We provide an efficient system and network security which includes:
- Secure Socket Layer (SSL) with 128-bit encryption and Firewalls
- Identification of User ID and Password with compulsory change of password upon the first time login.
- Automatic logoff after the inactivity of your Internet and Mobile Stock Trading Account for 30 minutes and 15 minutes respectively (Stock quotation function is not accountable for inactivity. To avoid automatic logoff, you can use other enquiry functions apart from stock quotation during online, including order history, portfolio, e-message and etc.).
How do I protect my personal information?
In order to ensure that your personal information will not be disclosed, you can refer the following instructions:
(a) Must not disclose your User ID and password to anyone else.
(b) Destroy the original printed copy of your password.
(c) Avoid using easy-to-guess password such as your birthday or phone number.
(d) Change your password periodically.
(e) Check your account balances and statements regularly.
(f) Do not leave your computer unattended and promptly log off from service.
(g) Remove the temporary files stored in the memory or in the hard disks of the computer shared with others.

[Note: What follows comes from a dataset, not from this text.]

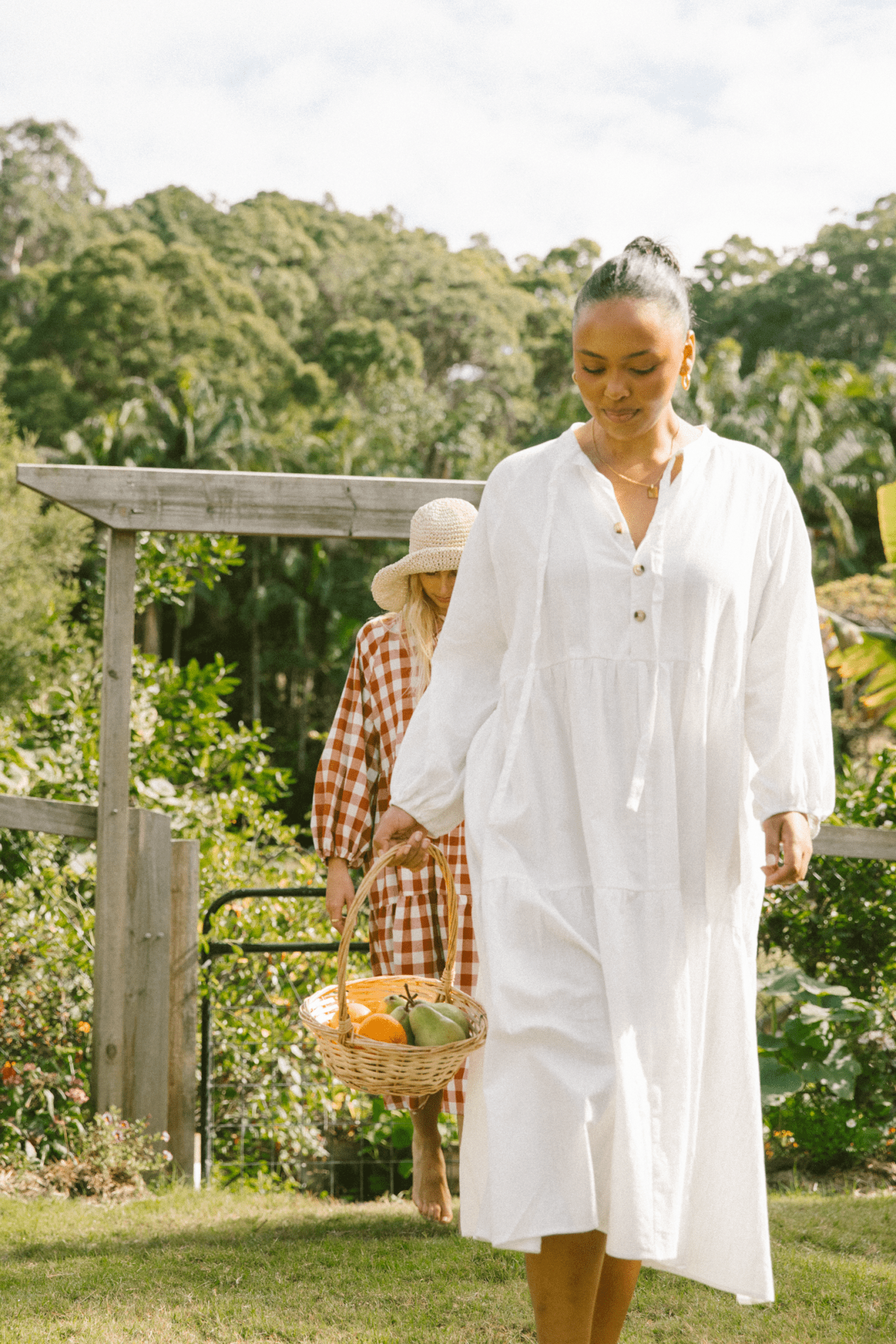 The Maxi Avalon Smock Dress is your go-to for those “I have nothing to wear” days. With its oversized fit and sweeping maxi length, it’s the kind of dress that makes zero effort look like a full-blown outfit. Wear her with sandals for a school drop-off moment or chuck on some boots and earrings and call it a date night (even if it’s just to the grocery store without the kids).

(h) Avoid any unauthorized capturing of your password by attackers by carefully handling doubtful e-mails received or accessing suspicious websites.
(i) Type the exact Website of our bank (www.shacomsecurities.com.hk
How do I know that I am performing transactions using the Internet Stock Trading Service of Shanghai Commercial Bank Ltd.?
Our bank has adopted the latest Internet security measure, EV SSL Certificate (Extended Validation SSL Certificate). If you are using the following browsers to access our Internet Stock Trading services, the colour of the browser address bar will be changed to green and the bank name displayed.
- Internet Explorer 7.0 or above
- Firefox 3.0 or above
If you are not using the above browsers, on the logon page you will see a small lock. If you double-click the lock, a server certificate issued by VeriSign will appear and the details and validity of the certificate will be shown.
Information contained herein has been obtained from sources believed to be reliable. Shanghai Commercial Bank Ltd. has not verified and does not warrant or represent that such information is accurate or complete and it should not be relied upon as such. Shanghai Commercial Bank Ltd. accepts no liability for any loss or damage arising from any inaccuracies or omission or otherwise by reliance on any such information.